2. Unsur-unsur subjektif, terdiri dari:
a. Adanya
maksud
b. Yang
ditujukan untuk memiliki
c. Dengan
melawan hukum
Suatu perbuatan
atau peristiwa, baru dapat dikualifisir sebagai pencurian apabila terdapat
semua unsur tersebut diatas.[1]
Dari adanya unsur
perbuatan yang dilarang mengambil ini menunjukkan bahwa pencurian adalah berupa
tindak pidana formil. Mengambil adalah suatu tingkah laku positif/perbuatan
materiil, yang dilakukan dengan gerakan-gerakan otot yang disengaja yang pada
umumnya dengan menggunakan jari-jari dan tangan yang kemudian diarahakan pada
suatu benda, menyentuhnya, memegangnya, dan mengangkatnya lalu membawa dan
memindahkannya ketempat lain atau kedalam kekuasaannya.
Sebagaimana banyak
tulisan, aktifitas tangan dan jari-jari sebagaimana tersebut di atas bukanlah
merupakan syarat dari adanya perbuatan mengambil. Unsur pokok dari perbuatan
mengambil adalah harus ada perbuatan aktif, ditujukan pada benda dan
berpindahnya kekuasaan benda itu ke dalam kekuasaannya. Berdasarkan hal tersebut,
maka mengambil dapat dirumuskan sebagai melakukan perbuatan terhadap suatu
benda dengan membawa benda tersebut ke dalam kekuasaannya secara nyata dan
mutlak.
Unsur berpindahnya
kekuasaan benda secara mutlak dan nyata adalah merupakan syarat untuk selesainya
perbuatan mengambil, yang artinya juga merupakan syarat untuk menjadi
selesainya suatu pencurian secara sempurna.
Kekuasaan benda
apabila belum nyata dan mutlak beralih ke tangan si petindak, pencurian belum
terjadi, yang terjadi barulah percobaan mencuri. Dari perbuatan mengambil
berakibat pada beralihnya kekuasaan atas bendanya saja, dan tidak berarti juga
beralihnya hak milik atas benda itu ke tangan petindak. Oleh karena untuk
mengalihkan hak milik atas suatu benda tidak dapat terjadi dengan perbuatan yang melanggar hukum, melainkan harus melalui perbuatan-perbuatan
hukum, misalnya dengan jalan jual beli, hibah dan lain sebagainya.[2]
Bilamana dapat
dikatakan seseorang telah selesai melakukan perbuatan mengambil, atau dengan
kata lain ia dalam selesai memindahkan kekuasaan atas sesuatu benda dalam
tangannya secara mutlak dan nyata.
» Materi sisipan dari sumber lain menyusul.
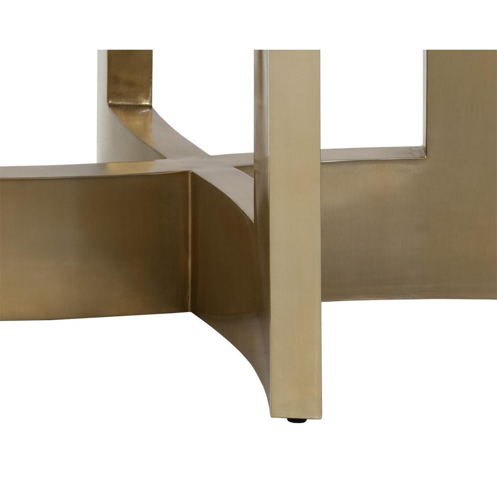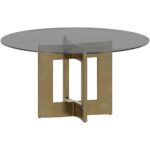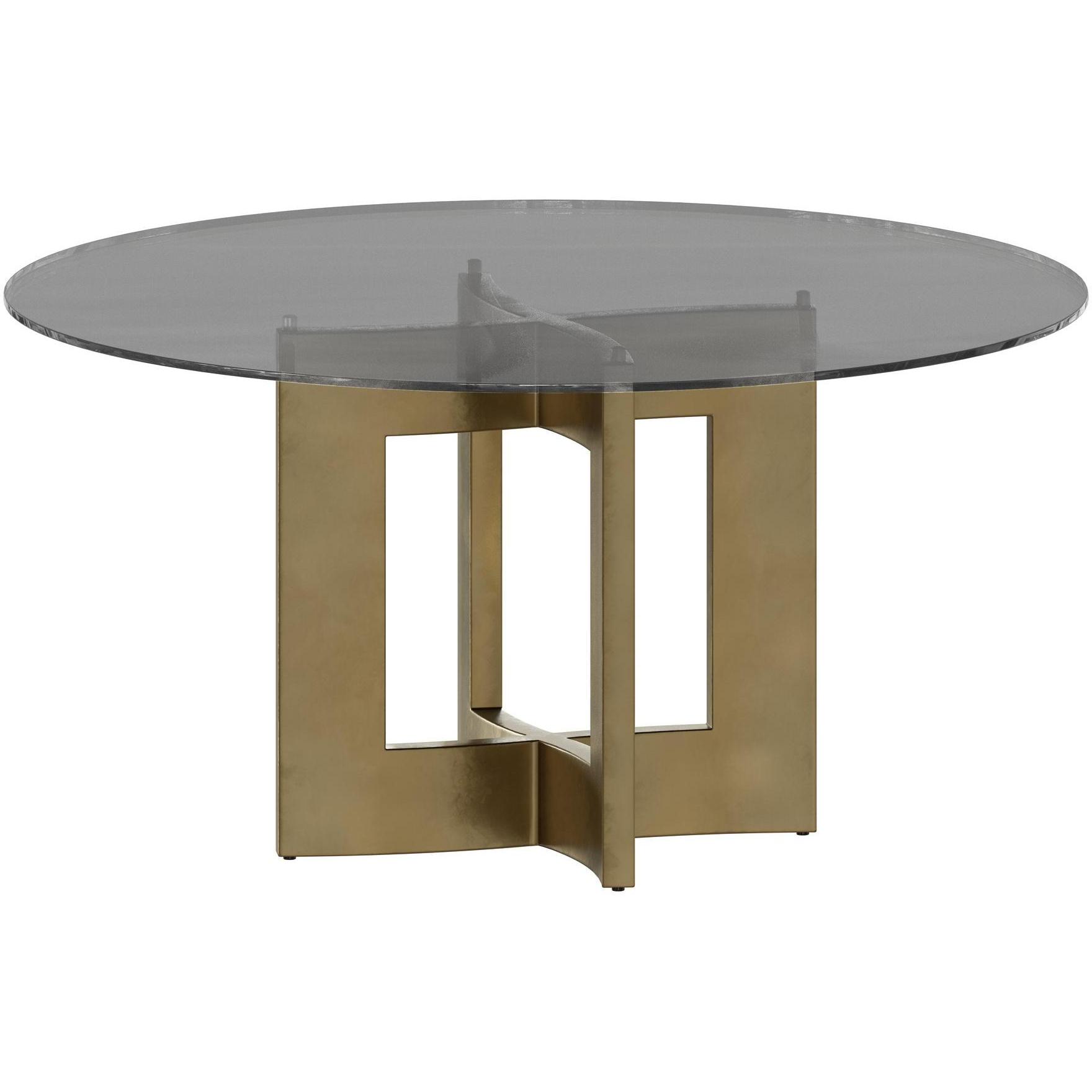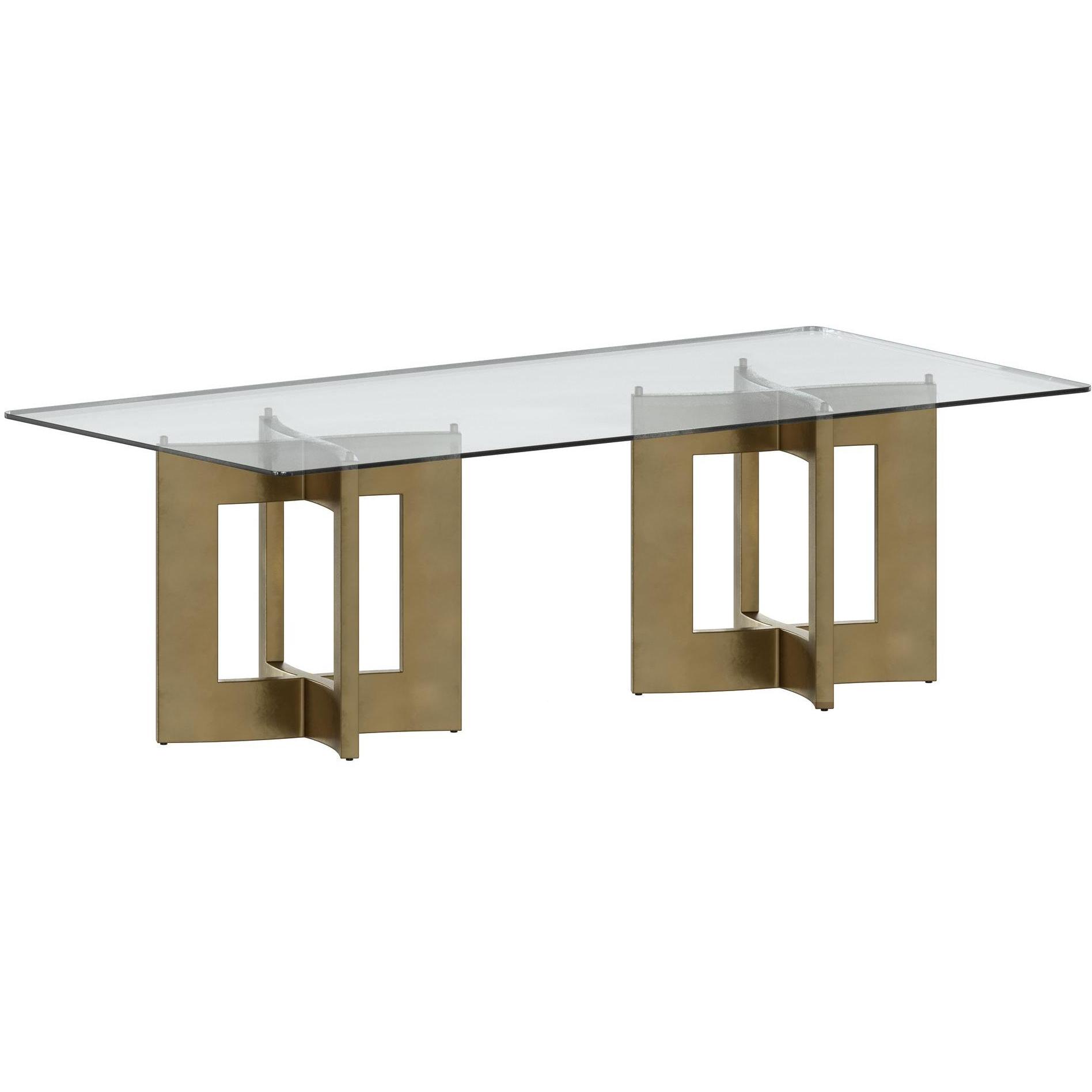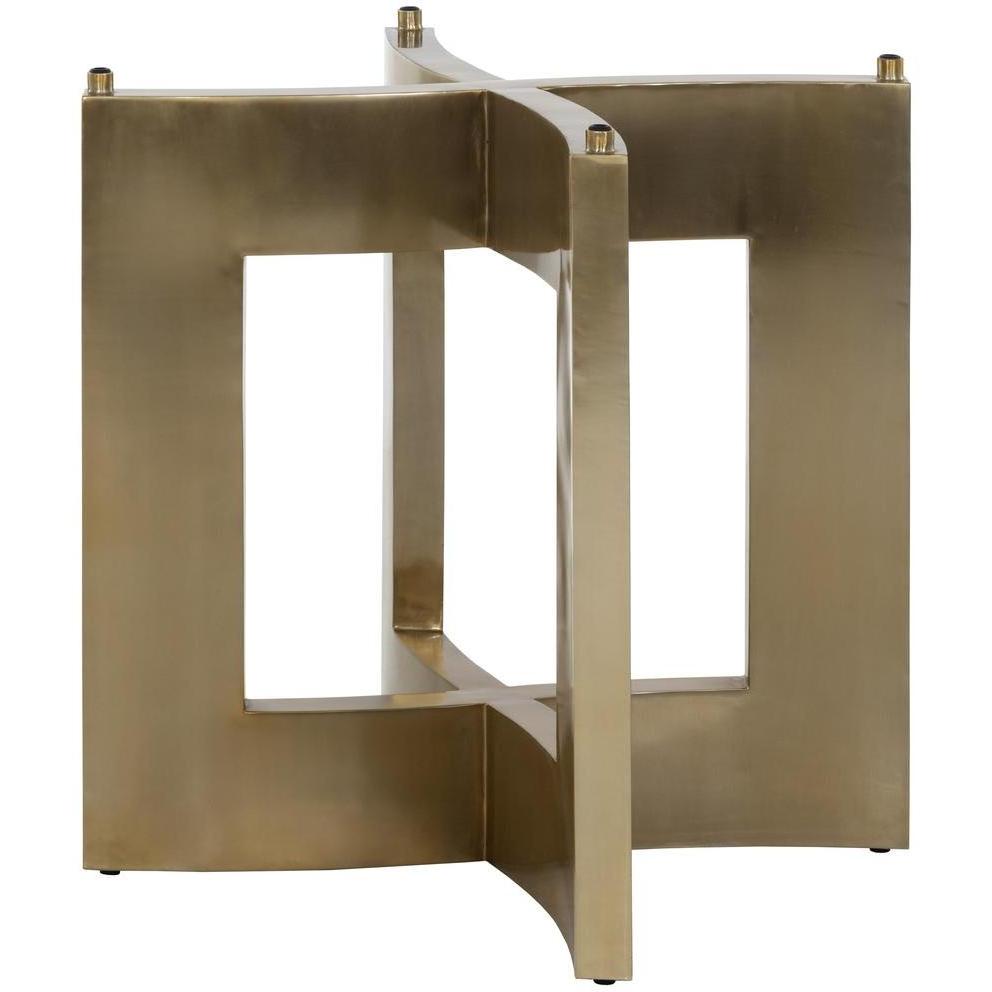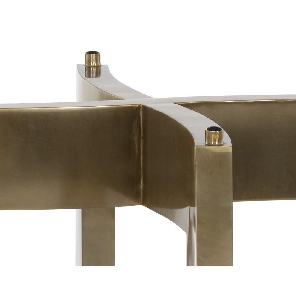 A stylish, geometric dining table base constructed from stainless steel with a gold lacquer finish. Intended for use with a 59″ round glass dining table top, or use two bases with a 86.5″ glass top for a rectangular dining table combination. Table tops sold separately. Designed for use with glass table tops only. Made in India. With refined craftsmanship, this design was brought to life by skilled local artisans. Due to the nature of handcraftsmanship, unique imperfections such as fissures, markings and variations in colour and shape are welcomed and appreciated characteristics for a truly one-of-a-kind piece.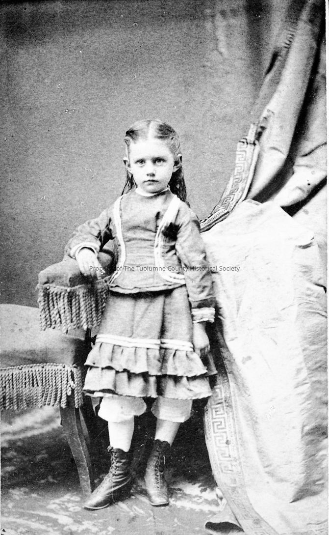 A portrait of a young girl. She is standing next to a chair with her right arm on the top of the chair. She is wearing boots, white stockings, white bloomers, a skirt with two riffles at the bottom and a white ribbon above the ruffles. Her blouse has a ribbon that is going from one side of the front up around her shoulders and back down the front on the other side, long sleeves with lace cuffs. Her hair is long and pulled back and parted in the middle. There's a drape hanging on her right.Collection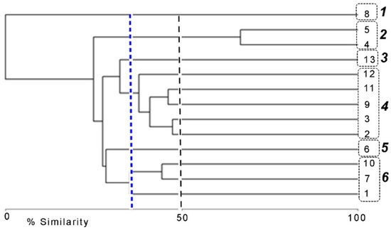 Dendrogram of the similarity of the species composition of periphyton in the examined parts of the Arys River basin, June 2016. The numbers and descriptions of the clusters are given in Table 4.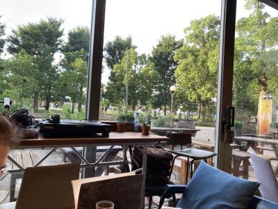 ごちゃごちゃした中野ブロードウェイから来るとなんて広々としたすてきな空間でしょう。窓からは四季の森の緑が楽しめ、オープンテラスもあり高い天井といい空間のゆとりがとても良いです。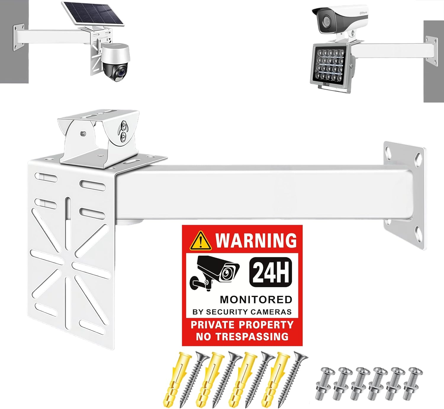 Description Universal 30cm Security Camera Pole Mount: Your All-Weather, All-Solution Bracket Tired of camera mounts that only fit one type of camera? Frustrated by messy wiring for outdoor solar panels? Struggling to mount your camera to a tree or pole without custom hardware? Our 30cm Heavy-Duty Pipe Mount solves all these problems. Designed for homeowners, contractors, and small business owners, it combines universal compatibility, solar-ready functionality, and multi-surface mounting to create the ultimate outdoor security solution. Core Features That Set Us Apart Dual Camera Compatibility: Switch between bullet cameras (goose neck) and dome/PTZ cameras (L adapter plate) in seconds, no extra tools needed. Solar Panel Integration:Mount your camera and solar panel together for continuous, wire-free power—perfect for remote locations where outlets aren’t available. Multi-Surface Mounting: The included stainless steel clamps and zip ties let you attach the bracket to poles, trees, fences, or walls, making it ideal for farms, job sites, and rural properties. Rugged Outdoor Durability: The 40mm steel pipe and UV-resistant coating ensure your mount stays strong through rain, snow, and harsh sunlight, while the rust-proof finish prevents corrosion in coastal areas. Tool-Free Angle Adjustment: The goose neck joint lets you reposition your camera anytime, even after installation, so you can adapt to changing security needs without re-drilling. What’s in the Box? 1 × 30cm (11.81in) Heavy-Duty Pipe Mount (40mm (1.57in) diameter) 1 × 80x50x48mm (3.15x1.97x1.89in) Goose Neck Bracket 1 × 155x120x100mm (6.10x4.72x3.94in) L Adapter Plate 2 × 200mm (7.87in) Stainless Steel Hose Clamps 2 × 300mm (11.81in) Black Zip Ties 1 × Complete Mounting Screw & Washer Kit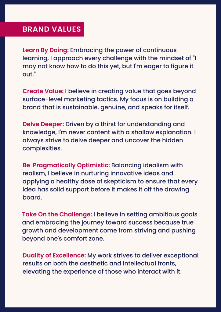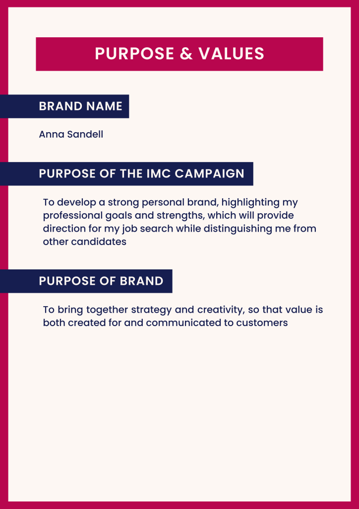 I created this personal brand in my Integrated Marketing Communications class to highlight my professional strengths and give direction to my job search while distinguishing myself from other candidates.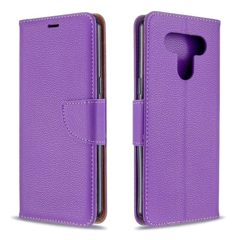Για LG K51 Litchi υφή καθαρό χρώμα οριζόντια Flip PU δέρμα υπόθεση με θήκη & υποδοχές για κάρτες & πορτοφόλι & κορδόνι (μωβ)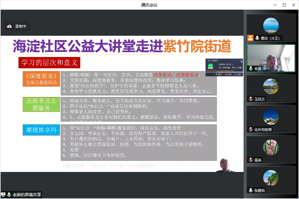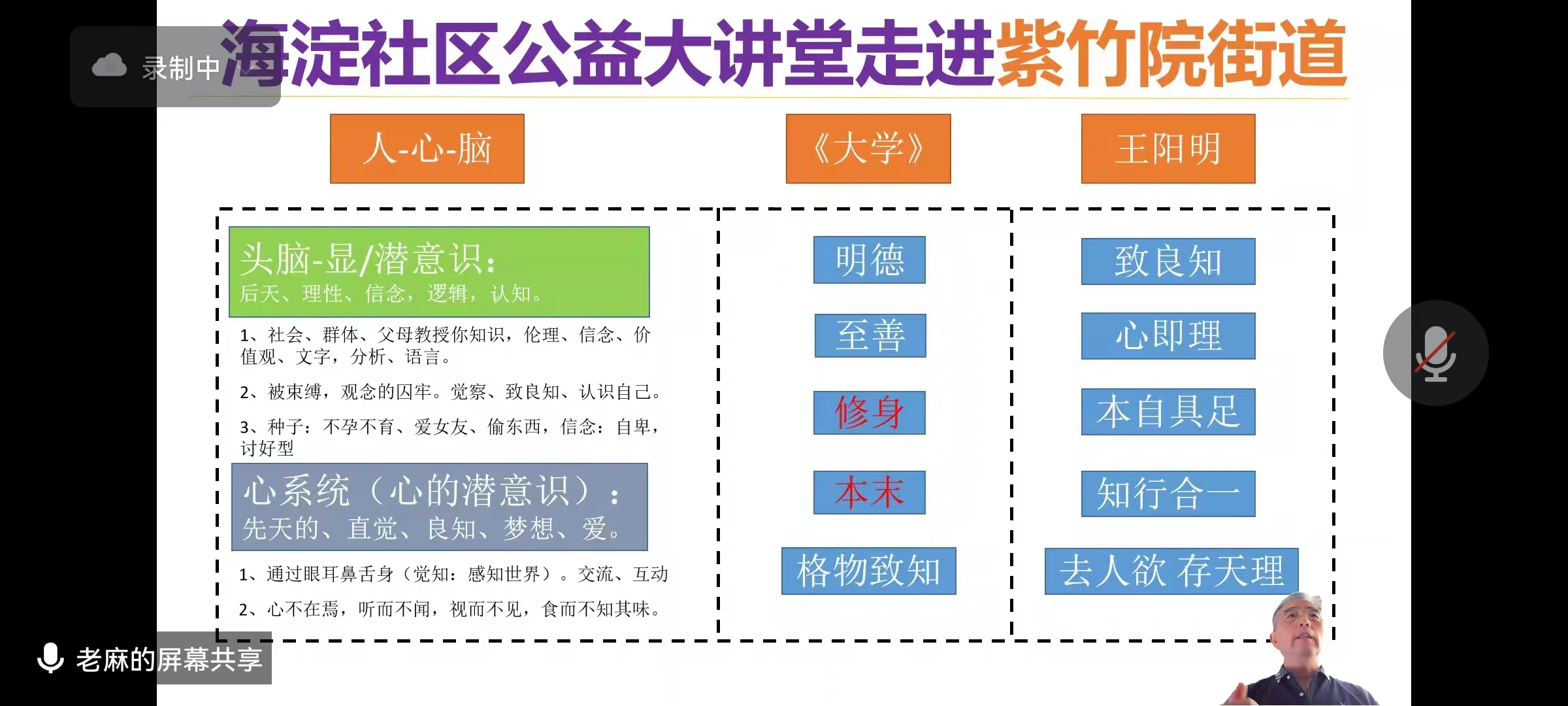2022年的10月27日到11月3日 海淀社区公益大讲堂在紫竹院街道开展了三场线上王阳明《传习录》的学习。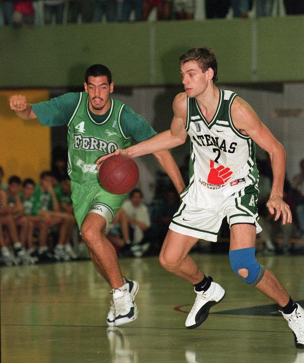 Foto: @mfigueras70. Scola (Ferro) y Oberto (Atenas de Córdoba) en la Liga Argentina en 1996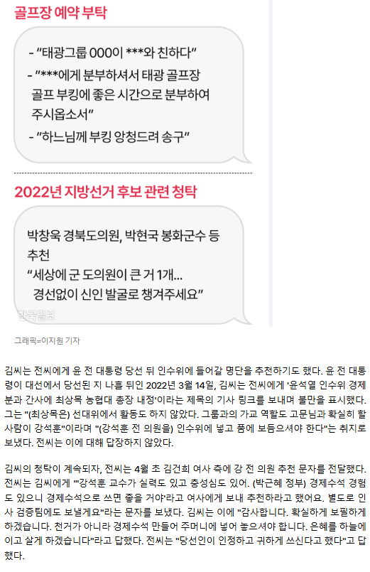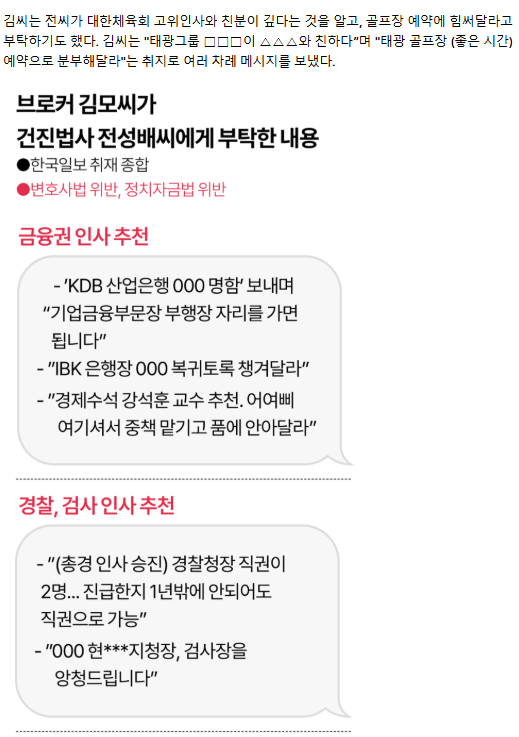 [단독] 브로커, 건진법사에 "은행장 자리 챙겨달라" "골프장 좋은 시간 앙청" 부탁

Orang yang telah berhasil menguasai suatu
benda, ialah bila ia dapat melakukan segala macam perbuatan terhadap benda itu
secara langsung tanpa harus melakukan perbuatan lain terlebih dahulu.
Mengenai
pembentukan pasal 362 KUHP adalah terbatas pada benda-benda bergerak (rorend
goed) dan benda-benda berwujud (stoffelijk goed). Benda-benda tidak
bergerak, baru dapat menjadi objek pencurian apabila telah terlepas dari benda
tetap dan menjadi benda bergerak. Benda bergerak adalah setiap benda yang
berwujud dan bergerak ini sesuai dengan unsur perbuatan mengambil. Benda yang
kekuasaannya dapat dipindahkan secara mutlak dan nyata adalah terhadap benda
yang bergerak dan berwujud saja.
Benda tersebut
tidak perlu seluruhnya milik orang lain, cukup sebagian saja, sedangkan yang
sebagian milik petindak itu sendiri. Seperti sebuah sepeda milik A dan B, yang
kemudian A mengambilnya dari kekuasaan B lalu menjualnya. Akan tetapi bila
semula sepeda tersebut telah berada dalam kekuasaannya kemudian menjualnya,
maka bukan pencurian yang terjadi melainkan penggelapan.[3]
Jadi benda yang
dapat menjadi obyek pencurian ini haruslah benda-benda yang ada pemiliknya.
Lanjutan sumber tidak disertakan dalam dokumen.